You could also snarf all of the tag attributes into a hash. That way you can count on getting the values you need regardless of what attribute order happens to be in the xml.

my %attribs = ($pml =~ m~([a-z]+)="([^"]+)"~g); 
my($f_nick,$f_url) = @attribs{qw(name rss)};
use Data::Dumper; # just for fun
print Dumper(\%attribs);

$VAR1 = { 
'iwhen' => '11491637',
'url' => 'http://aym.example.net/',
'name' => 'A young Mennonite',
'xfn' => 'me',
'rss' => 'http://aym.example.net/index.xml'
};

If it's important for not-present attributes to be the empty string (You had $foo = ($1¦¦'')), you could

my($f_nick, $f_url) = map { defined $_? $_ : '' } @attribs{qw(name rss)};
instead.

moltar

3:48 am on Sep 24, 2004 (gmt 0)

WebmasterWorld Senior Member 10+ Year Member



I suggest you look into XML::Simple. No need to reinvent the wheel.

IanKelley

4:55 am on Sep 24, 2004 (gmt 0)

WebmasterWorld Senior Member 10+ Year Member Top Contributors Of The Month



There are quite a few reasons to reinvent the wheel. The two biggest...
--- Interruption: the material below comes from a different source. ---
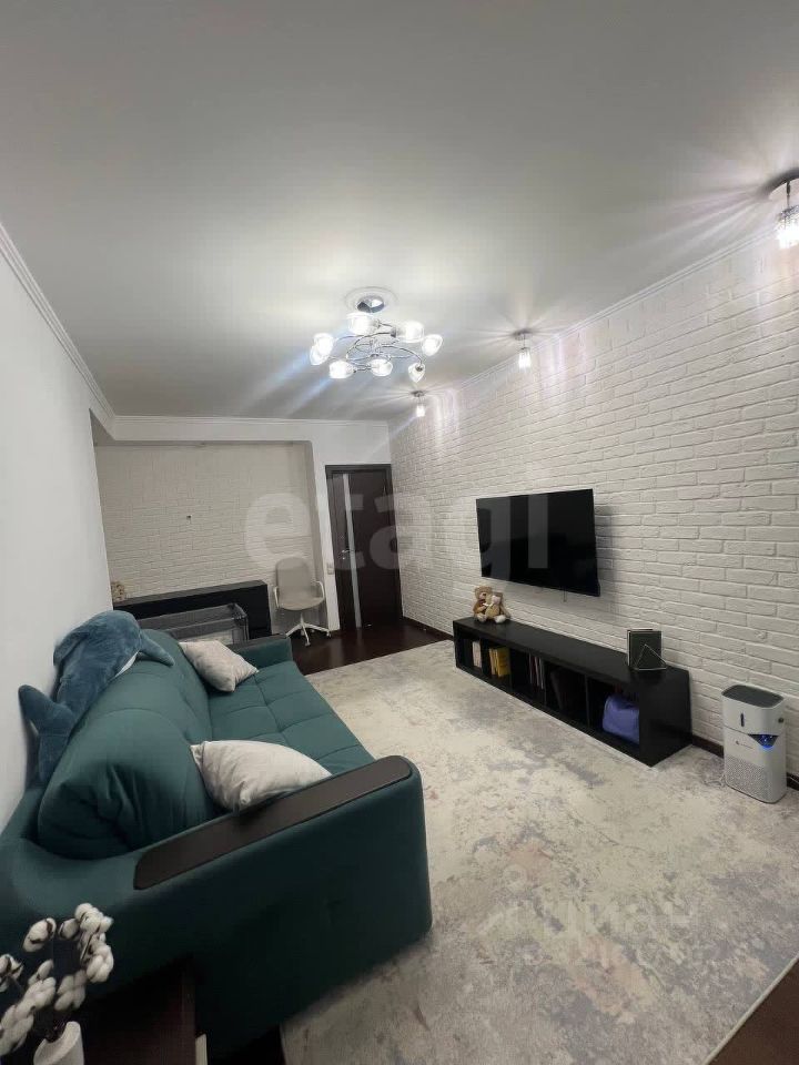 Паркетная доска, цвет венге. Стены: сочетание окрашенных стен и стен, выложенных гипсовыми "кирпичиками". Покрашено в 2020 - обновлено в 2024 году. Краска моющаяся. Освещение: центральная люстра, боковые и точечные светильники. Окно выходит на балкон.

If you're writing a script to parse multiple feeds then parsers like XML::Anything in perl or the built in parser in PHP will break if a feed sends you something non-standard. This is not uncommon and it's not only ignorance that causes it. You can make XML take up a lot less processing time and bandwidth by stripping out some of the standard requirements.

If you're writing a script to parse a single feed it will be far more efficient if you write custom parse code than if you use a parser module, assuming you write it well of course :-)

moltar

5:05 am on Sep 24, 2004 (gmt 0)

WebmasterWorld Senior Member 10+ Year Member



You can never predict the bad code anyways. You can go that far to minimizing the risk, but the code can still be broken.
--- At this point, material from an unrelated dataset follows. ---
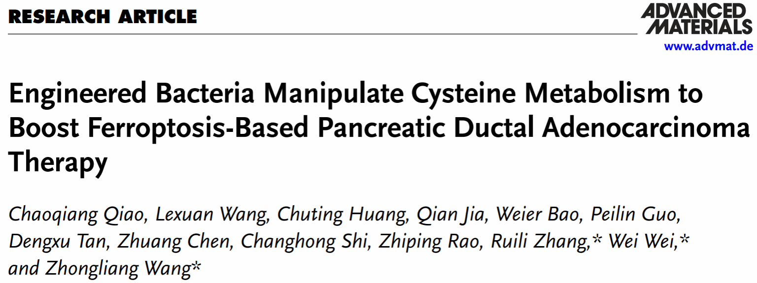 (通讯员 乔晁强)近日,365best体育亚洲官网王忠良教授团队在材料类国际顶级期刊《Advanced Materials》(中国科学院I区TOP期刊,影响因子27.4)发表了题为《Engineered Bacteria Manipulate Cysteine Metabolism to Boost Ferroptosis-Based Pancreatic Ductal Adenocarcinoma Therapy》的研究论文。论文第一通讯单位为365best体育亚洲官网,合作单位包括中国科学院过程工程研究所和空军军医大学。论文第一作者为365best体育亚洲官网青年教师乔晁强,论文通讯作者为365best体育亚洲官网王忠良教授、张瑞丽副教授及中国科学院过程工程研究所生化工程国家重点实验室魏炜研究员。该研究围绕胰腺导管腺癌(PDAC)难治的临床问题,提出了一种微生物仿生治疗策略,通过工程化益生菌调控半胱氨酸代谢,诱导铁死亡,从而有效抑制肿瘤生长。

If you process a single feed only, then efficiency is not an issue, since you won't be processing the same feed many times per second. XML::Simple is pretty fast anyways.

IanKelley

6:56 am on Sep 24, 2004 (gmt 0)

WebmasterWorld Senior Member 10+ Year Member Top Contributors Of The Month



I've worked with a lot of sites that process a single feed millions of times a day.
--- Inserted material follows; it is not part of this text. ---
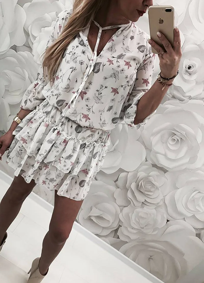 Новое модное кружевное мини платье с цветочным принтом открытыми плечами летнее

I'm sure that's not the case here, XML::Simple probably is the best option. Just making a point about relying on modules.

engel5

6:24 pm on Sep 27, 2004 (gmt 0)

10+ Year Member



Thanks, everyone, for the assistance. I will be avoiding the use of XML::Simple because 1) I am working on a modification to Rael Dornfest's Blagg feed aggregator, and I am keeping it in the spirit of simplicity and self-contained code - i.e., no modules, and 2) I do not expect any differences in the file that it is parsing, so the depth of being able to handle multiple data situations is not really necessary.

David Engel